Why don‘t we do it in the road?

Hinein in die Verschwulung der Welt: In „The Raspberry Reich“ (Panorama) von Bruce LaBruce trifft RAF-Schwank auf schwule Intifada, Schwänze werden zu Schwertern und – frei nach Schiller – alle Menschen warme Brüder

Wie der Rest der Welt kennt auch Bruce LaBruce zwei Geschlechter, und wie viele ist auch er darüber nicht so recht glücklich. Anders als der Rest der Welt kennt er die beiden Geschlechter jedoch als den heterosexuellen und den homosexuellen Mann. Die große, schöne, radikale Utopie hieße nun nach Bruce LaBruce: Beide Geschlechter verschmelzen zu einem. Damit hätte es mit der Ordnung der schwulen Community endlich ebenso ein Ende wie mit der der heterosexuellen. Frei nach Schiller werden alle Menschen warme Brüder.

Bruce LaBruce Film liegt also eine missionarische Sendung zugrunde. Allerdings weiß man nicht so recht, ob der Radical Chic von Pornografie und RAF-Terrorismus, den der Film für sich reklamiert, diese Sendung, die an einer Stelle als „homosexuelle Intifada“ benannt wird, eher verbergen oder doch eher ausstellen soll. Missionen zeichnet ja immer ein peinliches Moment aus. Ironie, Schock oder Gewalt helfen darüber meist hinweg. All diese Mittel bringt Bruce LaBruce in „Raspberry Reich“ durchaus souverän ins Spiel. Der kanadische Regisseur, der zur New-Queer-Cinema-Bewegung zählt, die Anfang der Neunzigerjahre in Nordamerika entstand, zeigt in seinen billig produzierten Filmen allemal großes filmisches Gespür.

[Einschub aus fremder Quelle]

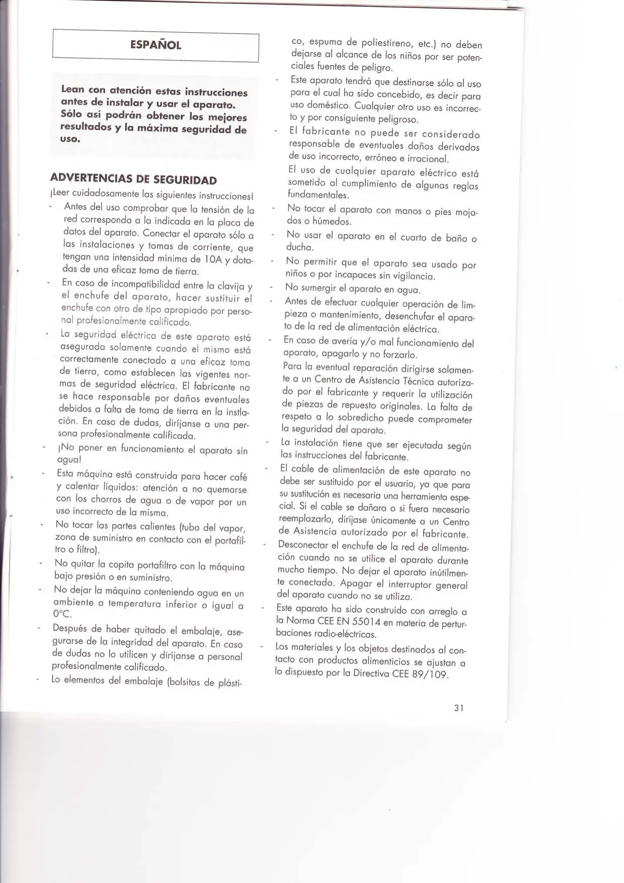Lo elementos del emboloie (bolsitos de plôsti- No sumergir el oporoto en oguo. Antes de efectuor cuolquier operociôn de limpiezo o montenimiento, desenchufor el oporoto de lo red de olimentociôn eléctrico. En coso de ove rîo y/o mol funcionomiento del oporoto, opogo rlo y no forzorlo. Poro lo eventuol reporociôn dirigirse solomente o un centro de Asistencio Técnico outorizo- respeto o lo sobredicho puede comprometer lo seguridod del oporoto. No tocor los portes colientes (tubo del voPor/ ombiente que el oporoto seo usodo por ifros o por incopoces sin vig iloncio. do por el fobriconte y requerir lo utilizociôn de piezos de repuesto originoles. Lo folto de Esto môquino estô construido poro hocer cofé y colentof liquidos: otenciôn o no quemorse zono de suministro en contocto con el portofiltro o filtro).

Sein Gefühl für Timing und sein Sinn für den Slapstick stechen dabei hervor.

Im großen heterosexuellen Fick am Beginn des Films, ein Standard des schwulen Pornos der Achtziger, vögelt Gudrun fidel-komisch Holger in den Fahrstuhl: Schließlich will sie den Sex endlich aus dem Bett hinaus auf die Straße bringen. Gleichzeitig gibt Bruce LaBruce dieser Szene einen bedrohlichen Beiklang, wenn er auf Che umschneidet, der im Nebenzimmer seine Waffen wenigstens so intensiv bearbeitet wie seinen Schwanz.

Gudrun, von der ehemaligen BE-Schauspielerin Susanne Sachsse bis in die Hardcore-Szenen hinein mit großem Elan verkörpert, ist die Prophetin des „Raspberry Reichs“. Ihr Liebhaber ist keineswegs Holger, sondern die Revolution, denn Heterosexualität ist „Opium für die Massen“. In der Theorie ist sie mit Herbert Marcuse und Wilhelm Reich bewaffnet, in der Praxis mit einer soliden Knarre, was neben ihrem Namen, den sie sich von Gudrun Ensslin geliehen hat, wohl das Moment ist, das sie und die Mitglieder ihrer Gang mit der von Baader und Meinhof am direktesten verbindet.

Sonst ist die Verbindung eher lose, ein frivoles Spiel, das den Plot hergibt, in dem Patrick, der Sohn eines reichen Bankiers, entführt wird. Die Entführung wird von Clyde, einem Mitglied von Gudruns Bande, durchkreuzt. Er setzt sich mit dem Opfer, dessen Liebhaber er im Laufe der vorangegangenen Observation wurde, aus dem Raspberry Reich ab.

Dem trashigen Handlungsgerüst, das reichlich Raum für Hardcore-Szenen bietet, zieht LaBruce stützend immer wieder attraktiv gestaltete Textinserts ein, die im Stil von Agitpop den Agitprop bedienen. Damit aber kippt das bewusst alberne Spiel mit Terrorismushysterie und Political Correctness dann doch in Botschaft und Pathos, wobei der unglücklich gewählte Begriff der Intifada und der Allah preisende Muslim der ersten Einstellung ein politisches Bewusstsein zeigen, das in seiner Undifferenziertheit nicht akzeptabel ist.